What is being asked
What you write must match, character for character, the lines from the one with "GBTC 180% profit" down to the one with "Wake up to skyline" in the listing below, minus its pictures.

Provided entries
==*==

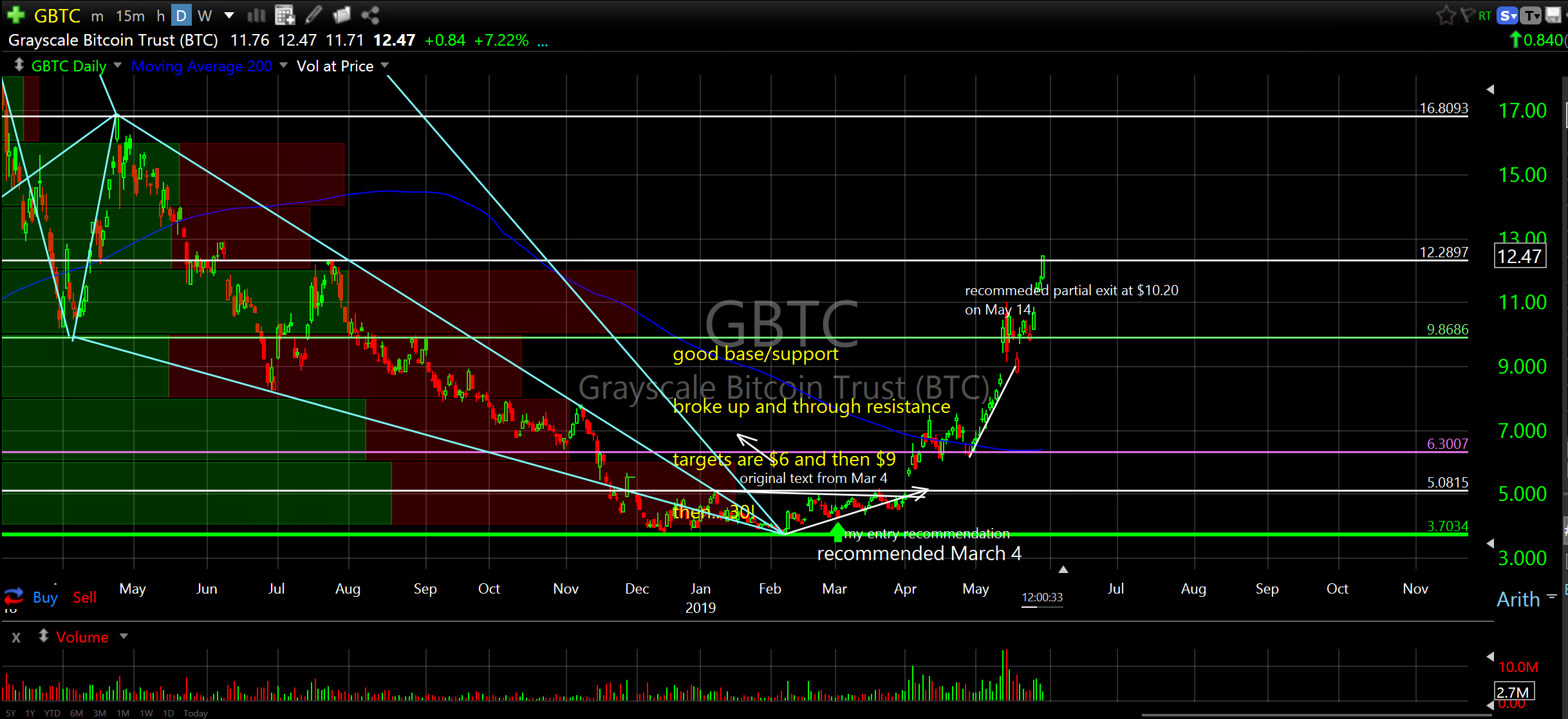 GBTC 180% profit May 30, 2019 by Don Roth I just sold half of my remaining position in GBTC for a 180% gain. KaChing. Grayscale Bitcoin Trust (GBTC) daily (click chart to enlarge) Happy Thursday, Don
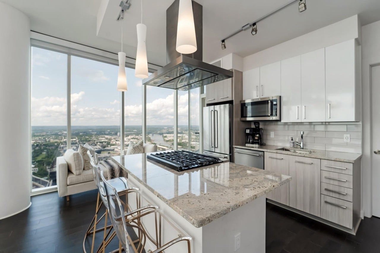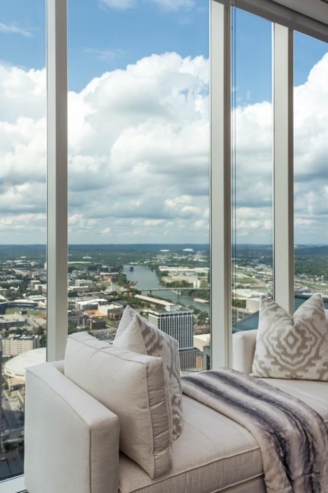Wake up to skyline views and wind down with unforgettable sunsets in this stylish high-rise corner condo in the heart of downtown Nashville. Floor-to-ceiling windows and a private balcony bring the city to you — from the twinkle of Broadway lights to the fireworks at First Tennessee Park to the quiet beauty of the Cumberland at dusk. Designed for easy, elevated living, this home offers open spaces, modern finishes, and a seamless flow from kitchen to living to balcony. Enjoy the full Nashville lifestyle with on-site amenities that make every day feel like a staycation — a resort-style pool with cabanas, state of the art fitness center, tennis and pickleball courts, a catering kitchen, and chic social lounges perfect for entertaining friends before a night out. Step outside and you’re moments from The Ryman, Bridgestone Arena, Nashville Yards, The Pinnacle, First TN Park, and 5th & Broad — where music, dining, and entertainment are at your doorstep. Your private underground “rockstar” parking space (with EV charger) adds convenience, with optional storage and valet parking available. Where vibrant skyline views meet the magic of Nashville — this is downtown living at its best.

==*==

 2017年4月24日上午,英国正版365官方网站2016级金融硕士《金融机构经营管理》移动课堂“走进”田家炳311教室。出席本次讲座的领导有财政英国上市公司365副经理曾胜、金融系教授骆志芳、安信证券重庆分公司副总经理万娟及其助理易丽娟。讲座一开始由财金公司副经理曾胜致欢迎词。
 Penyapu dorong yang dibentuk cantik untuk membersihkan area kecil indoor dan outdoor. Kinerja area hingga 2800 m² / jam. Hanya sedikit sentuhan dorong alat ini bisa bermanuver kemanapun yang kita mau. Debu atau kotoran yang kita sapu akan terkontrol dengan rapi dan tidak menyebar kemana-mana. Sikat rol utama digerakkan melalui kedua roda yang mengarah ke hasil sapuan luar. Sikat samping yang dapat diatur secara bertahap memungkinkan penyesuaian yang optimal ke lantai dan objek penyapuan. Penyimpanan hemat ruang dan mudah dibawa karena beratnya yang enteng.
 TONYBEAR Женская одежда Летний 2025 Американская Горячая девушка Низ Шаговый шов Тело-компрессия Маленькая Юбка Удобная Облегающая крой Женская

==*==

Answer to the problem
 GBTC 180% profit May 30, 2019 by Don Roth I just sold half of my remaining position in GBTC for a 180% gain. KaChing. Grayscale Bitcoin Trust (GBTC) daily (click chart to enlarge) Happy Thursday, Don
Wake up to skyline views and wind down with unforgettable sunsets in this stylish high-rise corner condo in the heart of downtown Nashville. Floor-to-ceiling windows and a private balcony bring the city to you — from the twinkle of Broadway lights to the fireworks at First Tennessee Park to the quiet beauty of the Cumberland at dusk. Designed for easy, elevated living, this home offers open spaces, modern finishes, and a seamless flow from kitchen to living to balcony. Enjoy the full Nashville lifestyle with on-site amenities that make every day feel like a staycation — a resort-style pool with cabanas, state of the art fitness center, tennis and pickleball courts, a catering kitchen, and chic social lounges perfect for entertaining friends before a night out. Step outside and you’re moments from The Ryman, Bridgestone Arena, Nashville Yards, The Pinnacle, First TN Park, and 5th & Broad — where music, dining, and entertainment are at your doorstep. Your private underground “rockstar” parking space (with EV charger) adds convenience, with optional storage and valet parking available. Where vibrant skyline views meet the magic of Nashville — this is downtown living at its best.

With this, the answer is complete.